Here, the State Bar was established as a "public corporation" in 1927—not to imbue it with State authority but to recognize its importance to the public interest. See State Bar of Cal. v. Superior Ct. of L.A. Cnty., 207 Cal. 323, 328, 278 P. 432 (1929).1 Back then, a superior court judge challenged the State Bar's classification as a "public corporation." Id. at 328-30, 278 P. 432. Given "its membership," "its function," and "its independence of public regulation and control," amici for the judge argued that it should be considered a "private corporation." Id. at 329, 278 P. 432. The Supreme Court of California rejected that view. While California's highest court recognized that the "profession and practice of the law" involves "in a limited sense a matter of private choice and concern," it is also "essentially and more largely a matter of public interest and concern." Id. at 330, 278 P. 432. That's because of the "integral
and indispensable" role attorneys serve in "our system of administering justice." Id.

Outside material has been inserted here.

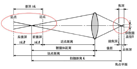 焦点前后各有一个容许弥散圆,这两个弥散圆之间的距离就叫焦深。以此推到被摄主体,相对于对焦点的前后,其影像也有一段清晰范围的就是景深。

Thus, the profession and practice of law "is not such a matter of purely private concern," id. at 332, 278 P. 432, but its relation to the administration of civil and criminal law make it the "proper subject of legislative regulation and control," id. at 331, 278 P. 432. So from the beginning, the State Bar was not conceived of as an "arm of the State," but an entity subject to special legislative oversight given its unique public-interest role. Certainly, nothing in the State Bar's classification as a "public corporation" grants it more immunities or privileges than municipalities, which have no sovereign immunity.
And the same understanding of the State Bar's classification as a "public corporation" exists today. The State Bar is statutorily established as a "public corporation" in the Business and Professions Code—not the Government Code. See Cal. Bus. & Prof. Code § 6001. Although "public corporation" isn't defined in the Business and Professions Code, it is elsewhere in California law:
• The Government Code defines "public corporation" as "any county, city and county, city, town, municipal corporation, district of any kind or class, authority, redevelopment agency or political subdivision of this state." Cal. Gov. Code § 67510 (as codified in the San Francisco Bay Area Transportation Terminal Authority Act).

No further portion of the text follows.